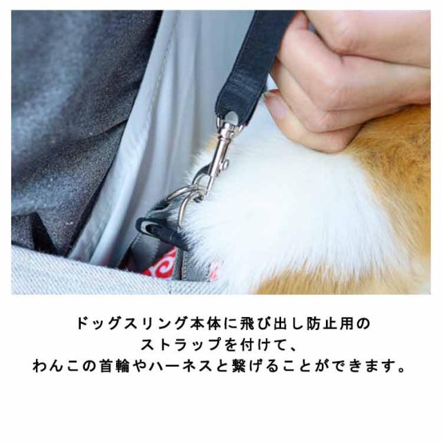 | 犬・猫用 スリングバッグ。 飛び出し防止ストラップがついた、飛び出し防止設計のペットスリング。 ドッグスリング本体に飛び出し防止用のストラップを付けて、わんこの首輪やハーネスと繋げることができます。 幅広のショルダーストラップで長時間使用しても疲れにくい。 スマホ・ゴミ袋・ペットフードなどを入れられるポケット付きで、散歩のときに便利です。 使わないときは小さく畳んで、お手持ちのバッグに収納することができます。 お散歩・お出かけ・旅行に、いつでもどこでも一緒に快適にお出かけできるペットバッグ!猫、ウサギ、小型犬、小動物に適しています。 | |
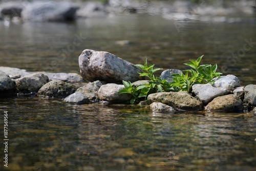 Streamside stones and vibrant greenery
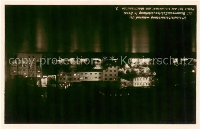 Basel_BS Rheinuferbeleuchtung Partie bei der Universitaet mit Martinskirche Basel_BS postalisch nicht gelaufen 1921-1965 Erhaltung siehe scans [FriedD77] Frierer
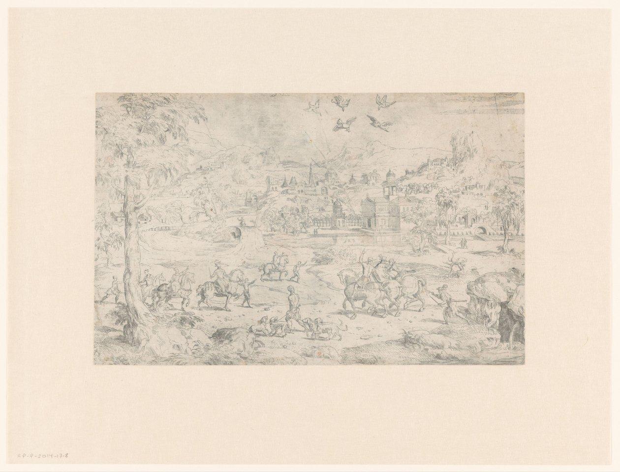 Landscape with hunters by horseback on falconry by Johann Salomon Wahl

**ACTION ITEM**
Transcribe, word for word, the lines of the listing above from the one that contains "Streamside stones and vibrant greenery" through the one that contains "Basel_BS Rheinuferbeleuchtung Partie", keeping both ends and dropping the pictures.

**ANSWER SECTION**
 Streamside stones and vibrant greenery
 Basel_BS Rheinuferbeleuchtung Partie bei der Universitaet mit Martinskirche Basel_BS postalisch nicht gelaufen 1921-1965 Erhaltung siehe scans [FriedD77] Frierer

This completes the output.